Race has not been openly a part of the current debate about the region’s economic future. Black participation has been marked by its absence. Only after the sixteen-county coalition’s preliminary plans were well laid were any blacks invited to join what had been an all white, mostly male group.

An ad hoc committee of the N.C. Department of Commerce reported on March 19, 1979, on “the minority concentration issue.” Its authors, many of whom lived in the Northeast, sought to “dispel the myth that areas populated by high concentrations of minority individuals are to be avoided as possible locations in industrial facilities.” Some potential industrial clients, they noted, spurned the region because of its lack of water, sewer services, poor roads, or their low regard for its schools, shopping centers, cultural activities and recreation. Others frankly balked at the Northeast because of race. “Some . . . cite higher minority concentrations in the population and labor force as an additional factor adding to the lack of client interest . . . Some have stated a firm will not look at an area which has over thirty or forty percent minority concentration. The explanation is given that, in general, due to the lack of economic and educational opportunity, the Southern rural Black worker is perceived as having a poorer work ethic and is more easily organized by union efforts.” According to the 1980 Census, blacks are the majority of the population in four of the Northeast’s twenty-two counties and a third or more in eleven others.

Who Controls the Jobs?

Long periods of unemployment or long daily commutes for workers are another regional characteristic. Sixteen Northeast counties reported unemployment rates above the state’s average in 1980. Tyrrell County had the highest unemployment rate in the state–11.5 percent. Aggregate figures do not account for seasonal employment in the tourist industry (a major factor in Dare, Pamlico and Carteret counties) nor farming, making it likely that real unemployment during some months may be much higher than official averages reveal. For hundreds of persons, the option is commuting. Between 2,200 and three thousand North Carolinians drive daily into Virginia to work at Tidewater shipyards, or the meat packing and food processing plants in Suffolk and Smithfield. As the prices of fuel, autos and vans increase more rapidly than general inflation and the real incomes earned at these distant jobs, the region’s economy is further weakened by reducing the actual amount of money available to be spent or saved in Northeast.

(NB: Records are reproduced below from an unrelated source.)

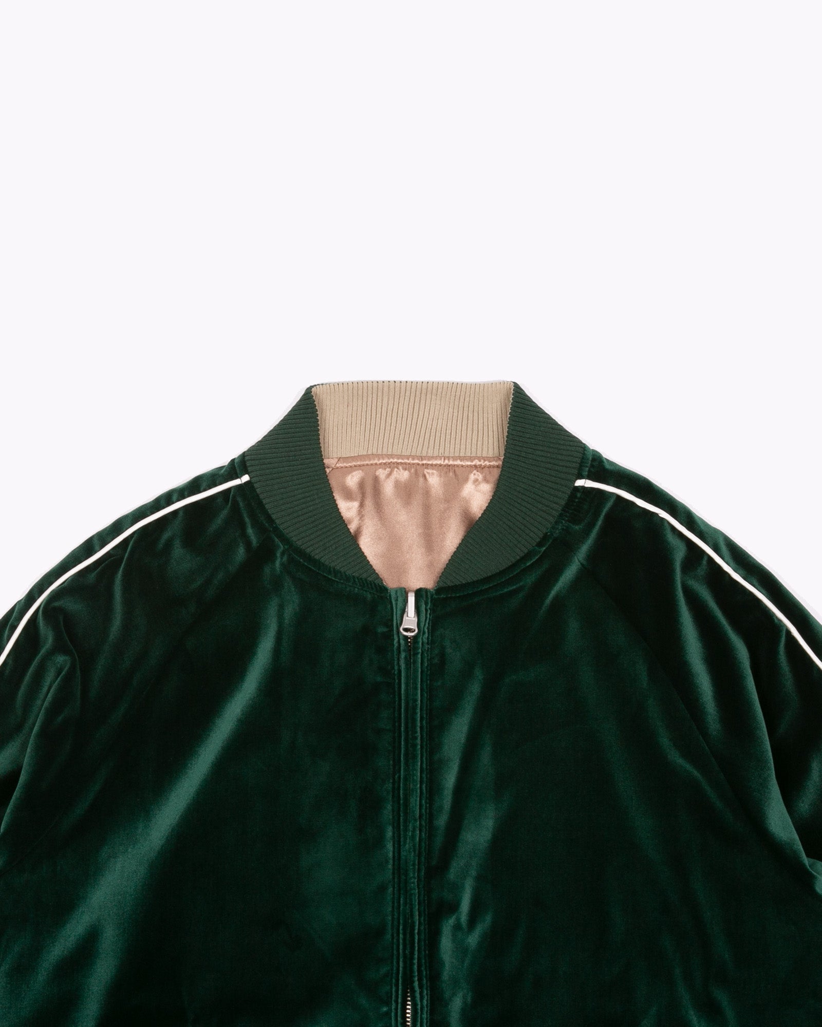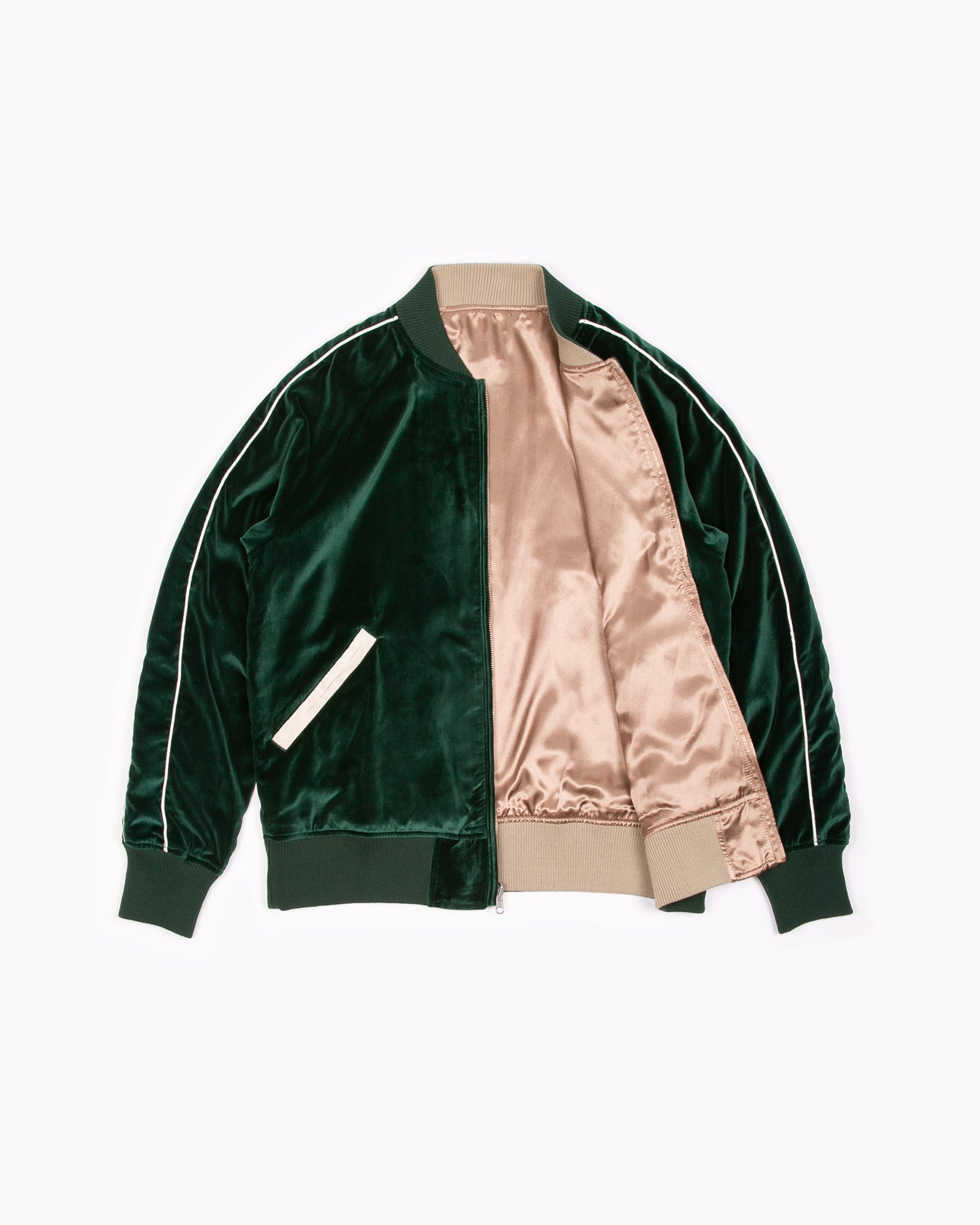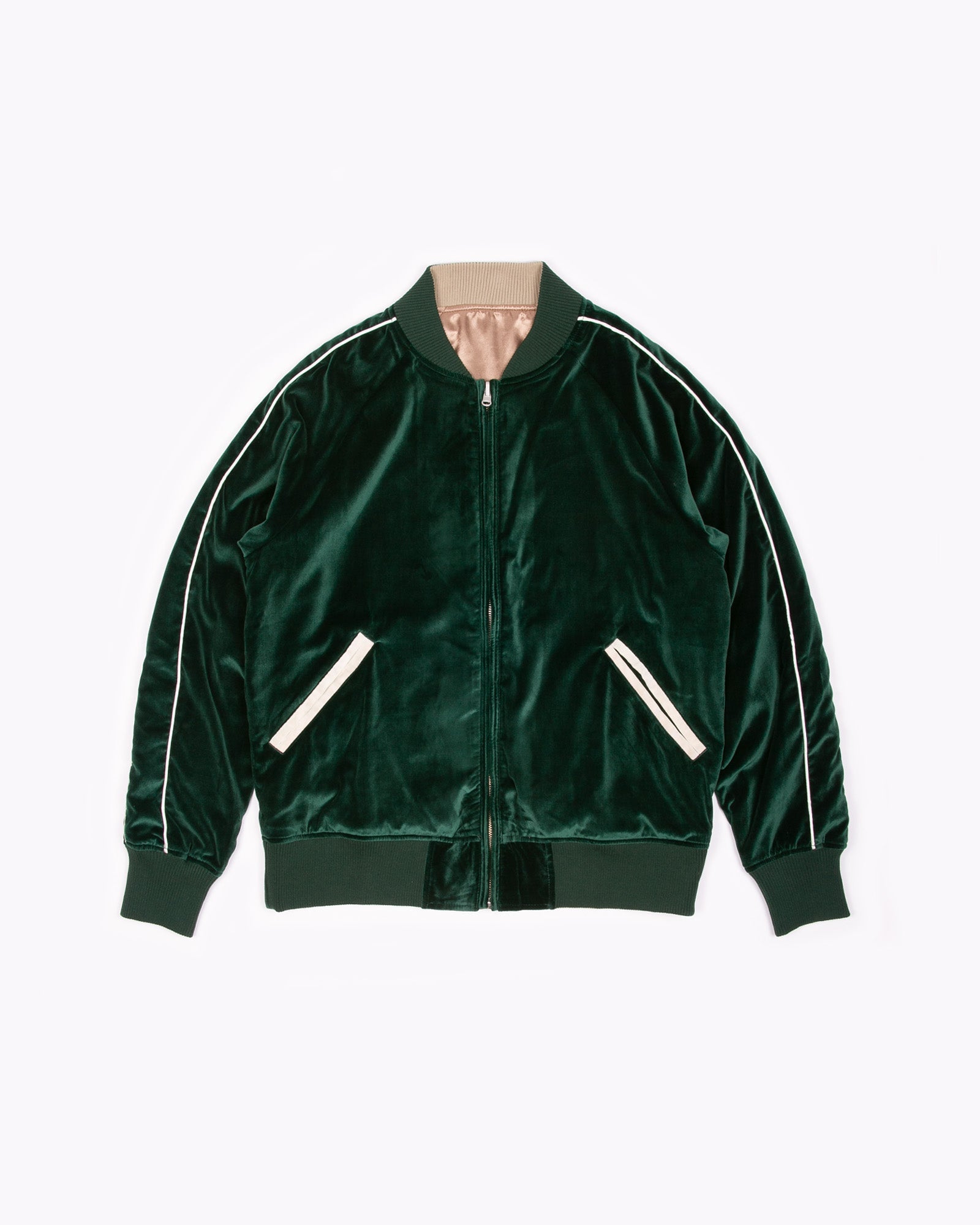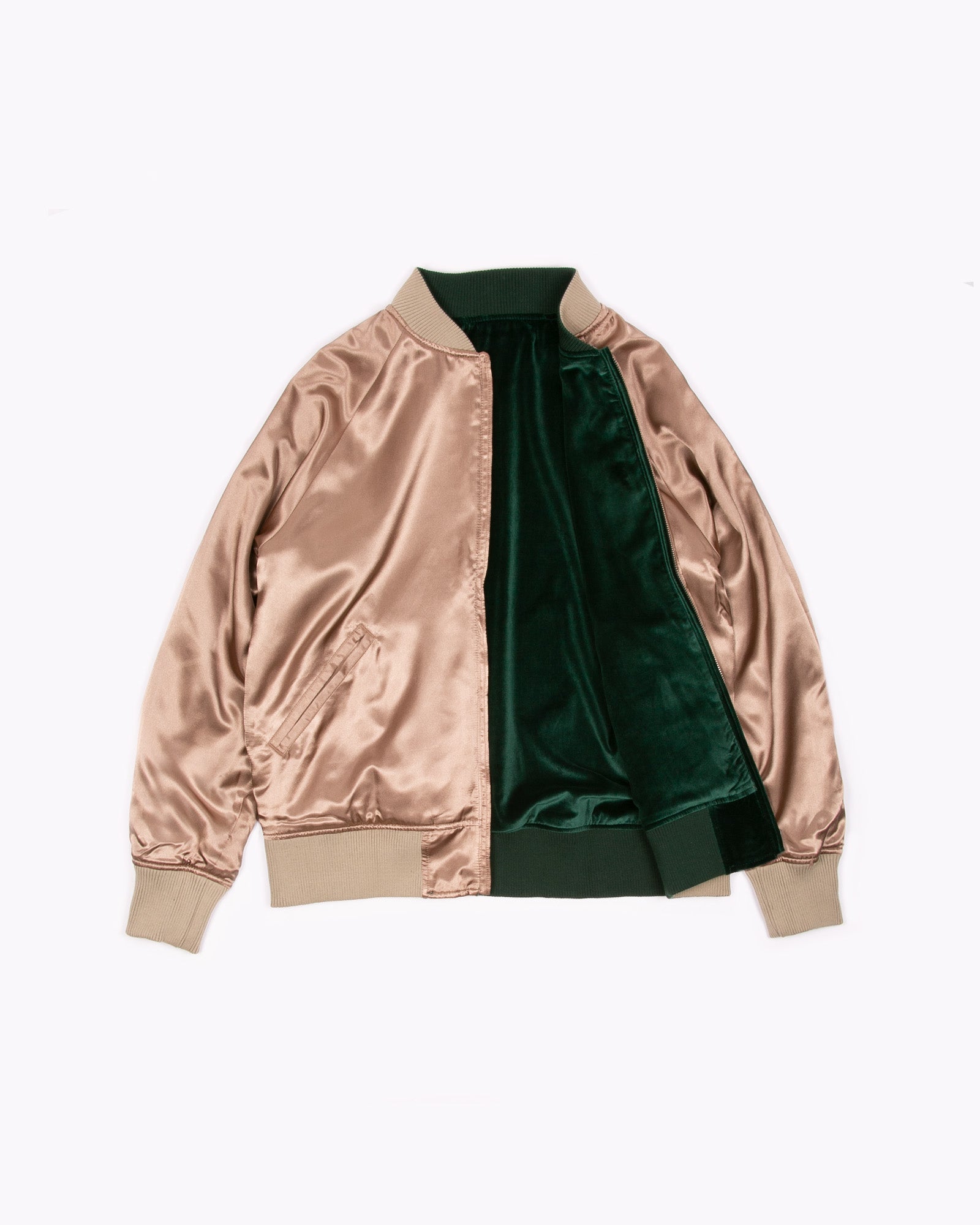 The Velvet Bomber is our take on the quintessential bomber silhouette upgraded in a modern velvet fabric with a reversible twist.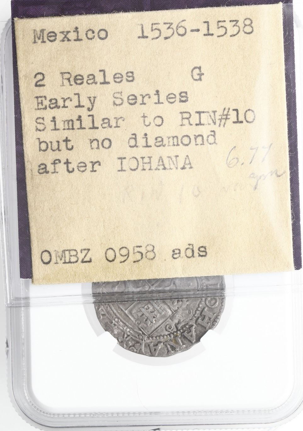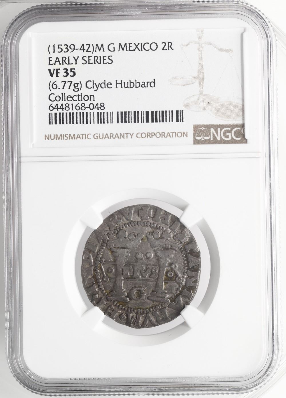 Mexico City, Mexico, 2 reales, Charles-Joanna, "Early Series," assayer G between bottoms of pillars, mintmark M to left and right (oMo-oMo), motto as PLVS in left-leaning rhomboid panel with single annulets on either side, rare, NGC VF 35. Nesmith-10a/10; Cal-88; S-M2; KM-unl (11 for type). 6.77 grams. A very nice example, purchased in 1958, after Nesmith's work came out, with a bold strike and virtually full legends, of the more-common variety (left-leaning panel vs. right-leaning panel), tiny gold spot on the pillars side. NGC #6448168-048. Pedigreed to the Clyde Hubbard Collection of Mexican Charles-Joanna Coinage (stated on label). Accompanied by original tag or holder from Clyde Hubbard.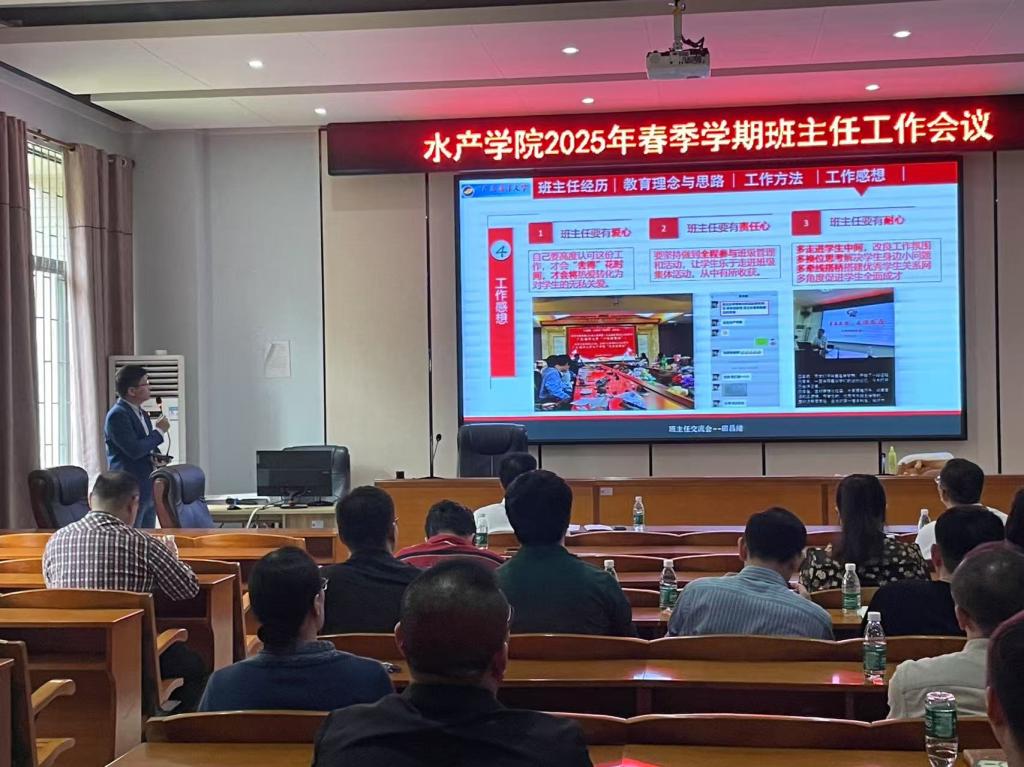 3月13日,为扎实做好新学期学生工作,学院在水产楼109室召开2025年春季新学期班主任工作会议,全体班主任、辅导员及部分研究生导师参加会议,会议由学院党委副书记孔沛球主持。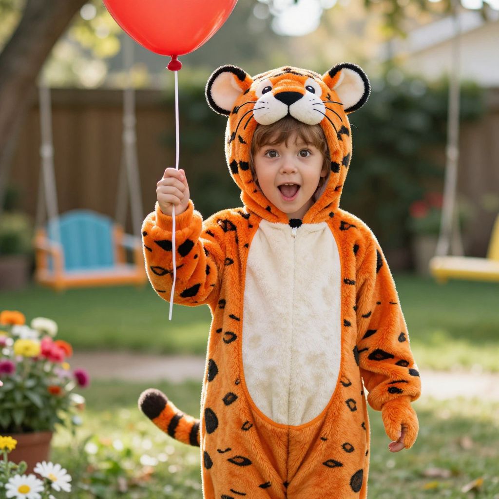 A young child is dressed in a tiger costume, wearing an orange outfit with distinct black spots and a black nose, standing confidently in a sunny backyard with flowers and a colorful swing in the background. The child has bright, curious eyes, a playful expression, and is holding a small red balloon. The scene is warm and joyful, with soft sunlight filtering through the trees, capturing the child's excitement and the festive atmosphere of the tiger costume.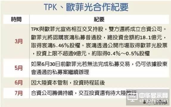 3月間觸控面板廠TPK-KY宸鴻和陸廠歐菲光宣布交叉持股,同時還表示將成立合資公司,共同接單、發展新技術。不過,到目前為止資金還遲遲未到位,因為受到大陸嚴格管制資金匯出的影響,這樣可能會成為為雙方的合作增添變量因素。

The work which is available in the Northeast is characteristic of jobs to be found in other colonies–apparel sewing and manufacturing, timbering, mining, or food processing–which pay the lowest wages and characterize first-stage, primitive industrialization.

Even a casual look at available employment in the Northeast explains why workers choose to commute such long distances. Jobs are scarce. In twelve of the twenty-two counties, less than thirty percent of the nonagricultural workforce is employed in manufacturing. The state’s average is 34.6 percent. In the nine counties where more than thirty percent of the work force is employed in manufacturing, jobs in food, apparel and lumber dominate. By considering Beaufort, Craven, Lenoir and Pitt as “metropolitan centers” among the other overwhelmingly rural counties, work in those three categories accounts for fifty-six percent of the District’s jobs. Across the state, the average is twenty percent. These low-paying, low skill industrial sector job categories quickly feel the nation’s cyclical economic lurches. When building permits drop nationally, the Northeast’s trees do not. When clothing sales decline, sewing machine operators are laid off.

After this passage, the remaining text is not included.